In the world of healthcare revenue cycle management (RCM), practices are losing revenue due to simply not having the time and diligence it takes to reconcile and review their revenue cycle process. Leaving money on the table is the last thing you want to do, so here are three areas that the RCM team at SMSC consistently performs. These three key elements are crucial to ensuring financial stability and efficiency for your practice:

1. Charge interface reconciliation. This important step in the revenue cycle process helps confirm that all services provided to patients have been billed. Billing interfaces are typically established and programmed to load into billing systems, so a solid reconciliation process of all billable services is key to keeping a healthy cash flow. We recommend reviewing your interface often – monthly or more – because hospital IT specialists can make changes to the EHR and overlook updating the charge interface. For example, an SMSC client created a new department for mammography services. The interface team overlooked adding the new department to the file causing the billable charges to be missed. These missing mammography charges would have been a considerable loss of revenue if we hadn’t caught the error. If services are not reconciled on a regular basis, it could cause delays in receiving revenue and sometimes even revenue loss due to filing limits with payors.

2. Allowable monitoring. This is the practice of auditing paid claims against the contracted rates with payors. Payor contracts can be very complicated and if the rates are not loaded accurately within the adjudication systems providers can lose revenue. It may seem minor for a claim to be underpaid by a few dollars, but when you couple this with months/years of underpayment it can add up to a significant amount of revenue to the practice.  When analyzing this data, it is important to find the root cause of the underpayments. Change in contract rates, administrative errors, claims submission can all be causes for underpayments. Appealing individual underpaid claims is important; however, trending and identifying the issue on a larger scale can speed up communication and settlement with payors.

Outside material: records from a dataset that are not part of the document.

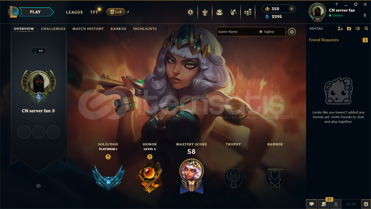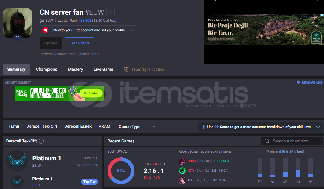 EUW PLATINUM 1 // HIGH LP GAIN // HIGH MMR Handmade hesaptır. Sezon boyunca aktif ranked atılmıştır. Banwaveden etkilenmemektedir.Yüksek MMR'a sahiptir.350 RP bulunmaktadır.Yüksek WR'ye sahiptir.38 LP almaktadır.5 LVL HONOR'a sahiptir.
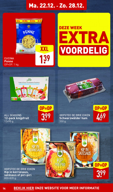 Deze tekst wordt automatisch gegenereerd, dus deze kan fouten bevatten.Ma. 22.12. - Zo. 28.12 se —— == == | € DEZE WEEK AUS La u EXTRA AV XXL CUCINA Penne 39 OP=OP. 1 kg SE > erf Pie « We 2 OP oP ALL SEASONS HOFSTEE DE DRIE EIKEN PSE TITLES LE Schwarzwälder ham 12x90 g KEN 169 DRIE EIKEN ; 7e BN DRIE IKEN al EN KIP IN 7 | 5 SAUNA SE" B al (l N Ve pl pu OP=0P HOFSTEE DE DRIE EIKEN LE (il Kip in kerriesaus, satésaus of piri-piri 399 800-820 g 14 BEKIJK HIER ONZE WEBSITE VOOR MEER INFORMATIE
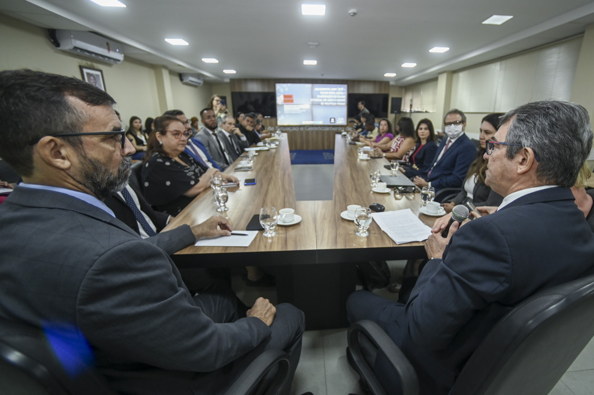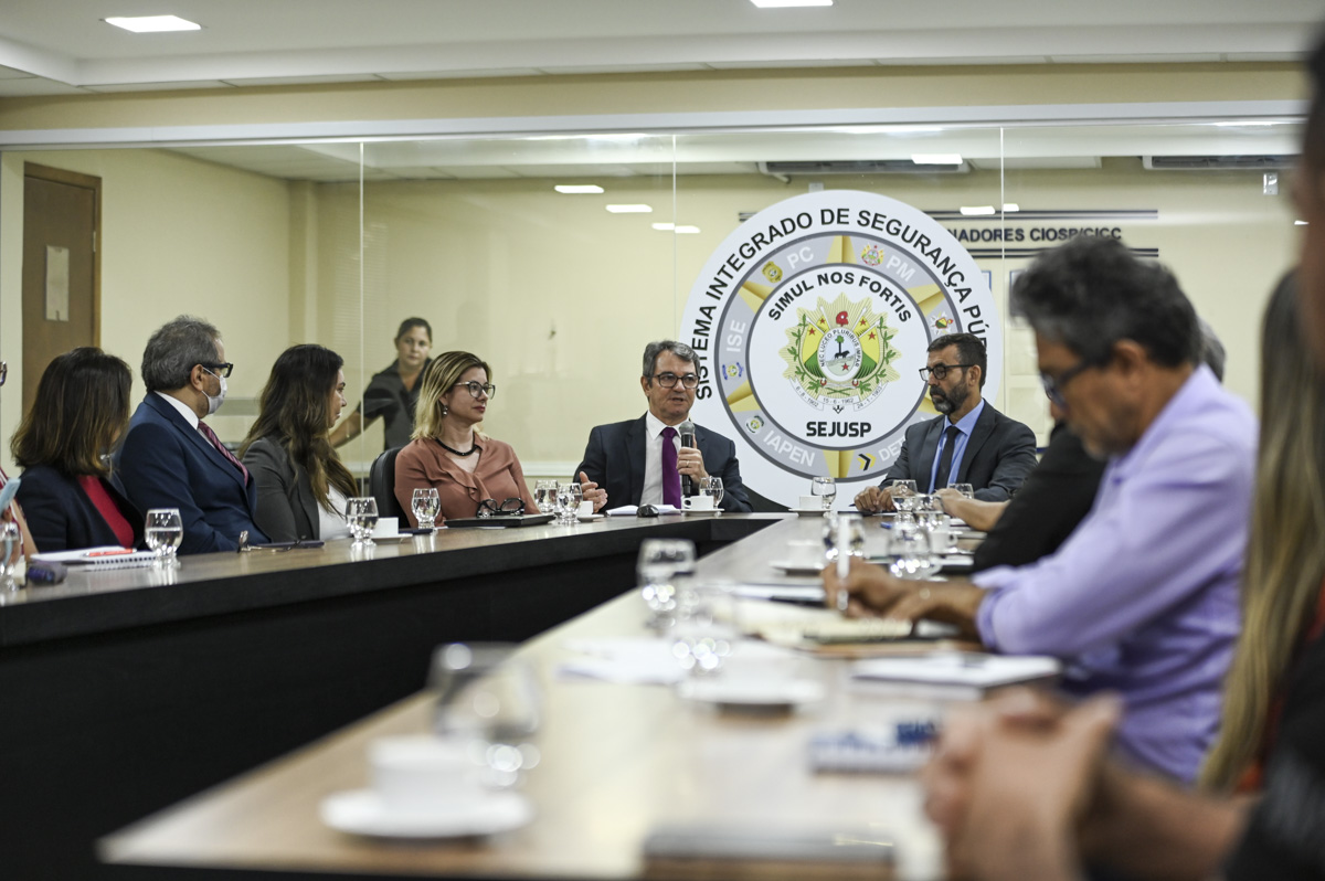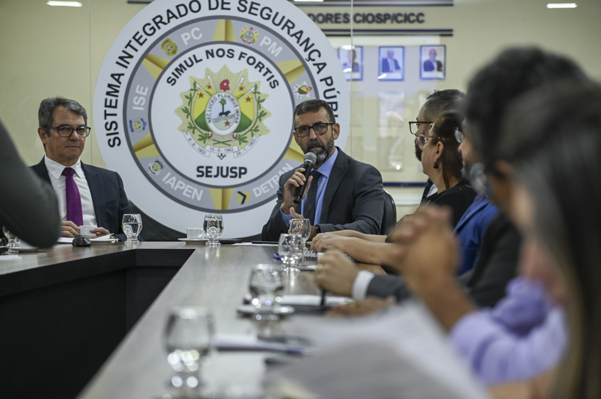 Em reunião realizada na Secretaria de Estado de Justiça e Segurança Pública (Sejusp), o corregedor-geral da Justiça do Acre Nonato Maia, chamou os presentes a unirem-se para atuar no enfrentamento a situação de calamidade dentro das prisões

3. Denial management. Unpaid claims require constant review. The best way for a practice to avoid denials is to ensure there is an accurate claim submission process that follows payor polices. While many denials can be appealed and paid it is still crucial to find and correct the root cause of the problem. Denial management could include several practices, such as improving your registration process to make sure all insurance information is correct. CPT/ICD coding with appropriate modifiers is critical to submitting a clean claim. Checking eligibility and obtaining authorizations prior to procedures will also highly reduce the risk of denial. Understanding payor policies and coverage will help in consistently submitting clean claims and ensuring your practice is thoroughly paid for services in the quickest and most efficient way possible.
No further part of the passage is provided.